ブレイクオフ5
ミコト様のお屋敷に住ませて貰うようになって、そろそろ一ヶ月が見えてくるくらいの時間が経った。その間に嵐でも来たのかというくらい、知っている家とは違って見える。
「う、」
二階に上がって自分の部屋のドアを開け、思わず口を抑えた。今まで嗅いだことのないような嫌な匂いが充満している。うなじと髪の間に隠れたすずめくんを落とさないように気を付けながら散らかった部屋を進んで、窓を全開にする。緩やかに入ってくるのは夏の上がりかけた気温の風なのに、それがとても爽やかで新鮮な空気に感じるほどだった。
「うぇ……、気持ちわる」
ベッドのシーツもクローゼットの洋服もぐっちゃぐちゃに撒き散らかされている。部屋の中に食べ物もないし、溢れて汚れるようなものもない。だから下と比べても散らかっているのはともかく汚さはそれほどでもないようなのに、どこか汚い。私がいない間に巨人がやって来てこの家を持ち上げ、泥水の中に放り込んでシェイクしたと言われても納得しそうな、部屋の中にヘドロが詰まっているようなそんな気がして鳥肌が立った。
「すずめくん、大丈夫?」
新鮮な風の入り込む窓際にそっと小さな鳥を置くと、ちゅん、と鳴いてその場でじっとこちらを見上げていた。私の部屋の窓は家の正面から見て右側の側面に付いていて、下に一階の屋根が少し見え、ブロック塀とお隣さんの敷地も近い。それらを伝って外に出られるのは、これまでに何度かやっていたせいで知っていた。今日は使うことがないといいけど。

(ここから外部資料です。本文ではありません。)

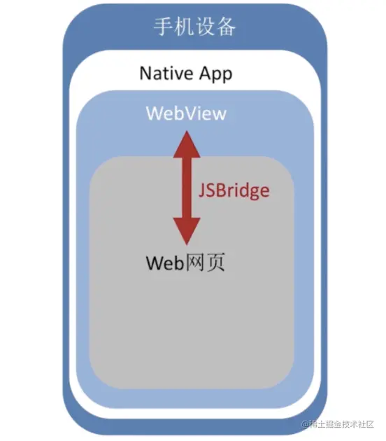 - 层次关系:手机设备=> Native App => WebView <=JSBridge=> Web网页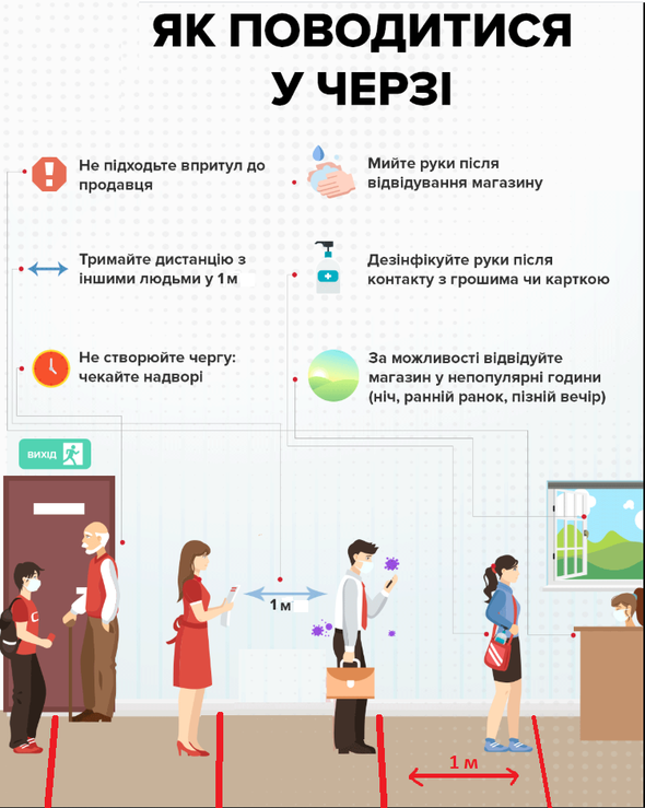 утримання від контактів з особами, що мають симптоми респіраторних захворювань – кашель, лихоманка, ломота в тілі, або збереження обов’язкової дистанції та обмеження часу при контакті (не менше 1 метра);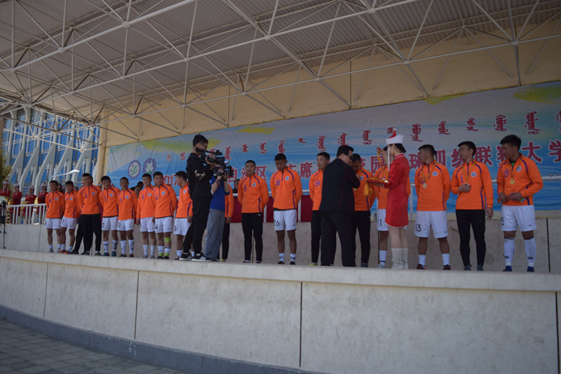 決賽由我校男子足球隊對戰(zhàn)內蒙古農業(yè)大學男子足球隊。最終,我校以1比0勝出,獲得本屆“主席杯”比賽校園組冠軍。教練員南丁寶力格老師獲得“優(yōu)秀教練員”榮譽稱號,易吉樂同學獲得“最佳射手”榮譽稱號。

うずくまるようにサッシに座っているすずめくんが嘴を横にしてちゅんと鳴くと、ふわんと浮き上がった石像が目に入った。狛ちゃんと獅子ちゃんが私達に気付いて塀を伝って来たらしい。2匹ともどうやってるのかぐるぐると喉を唸らせながら窓のすぐ近くをうろついている。
「ちょっと待っててね」
すずめくんが用意してくれた唐草模様の風呂敷ふたつに、必要なものを詰め込んでいく。まず筆記用具はお屋敷にあるので、教科書類とノート。電子辞書に学校関係の書類。重くなったそれを溢れないようにぐるっと巻きつけて、狛ちゃんの背中に乗せて首元で結ぶ。もう一つの風呂敷には冬用のブレザーとスカートに体操服。お父さんとお母さんの位牌は、友達から貰ったフェイスタオルに包んでから入れる。お母さんがくれた冠婚葬祭用のジュエリーケースも入れて獅子ちゃんに担いで貰った。

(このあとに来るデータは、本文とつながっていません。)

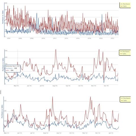 + az insidereket (kék vonal, 2020 március), ők poénból nem vásárolgatnak.

絶対になくせないものを入れ終わって部屋を見ると、あちこちに目につく物がある。小学生の時から使っていたペン立て。学校で注文したものじゃないのが嫌だと駄々をこねて、お母さんがキラキラするシールで飾ってくれたお裁縫セット。高校入学の時に相談しながら新しく買い替えたシーツとラグ。友達が作ってくれたバースデーボード。
大事で必要なものなんてほとんどないと思っていたけれど、いざここに立って見てみると心の中を全部引っ張られるような未練が残っている。

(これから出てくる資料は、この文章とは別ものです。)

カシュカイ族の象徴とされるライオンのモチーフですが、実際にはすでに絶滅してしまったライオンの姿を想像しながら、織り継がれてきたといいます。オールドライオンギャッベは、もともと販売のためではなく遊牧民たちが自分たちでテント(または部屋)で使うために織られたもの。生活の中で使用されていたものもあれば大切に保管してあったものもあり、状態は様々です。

この全てを、ここに置いていく。今まで生きてきた大きな流れを断ち切るような、そんな恐ろしさと不安が吹き付けてくるように感じた。まだ何か忘れていないか、必要なものがないか探してはいるけれど、実際にはどんなに汚れた状態でもこの部屋を離れがたかった。
何かないかと目線で部屋をかき回していると、すずめくんがヂュヂュヂュヂュ!! と声を出してぶつかるように私の肩に飛んでくる。羽をばたつかせたすずめくんを手で支えると、下の階から物音が聞こえてきた。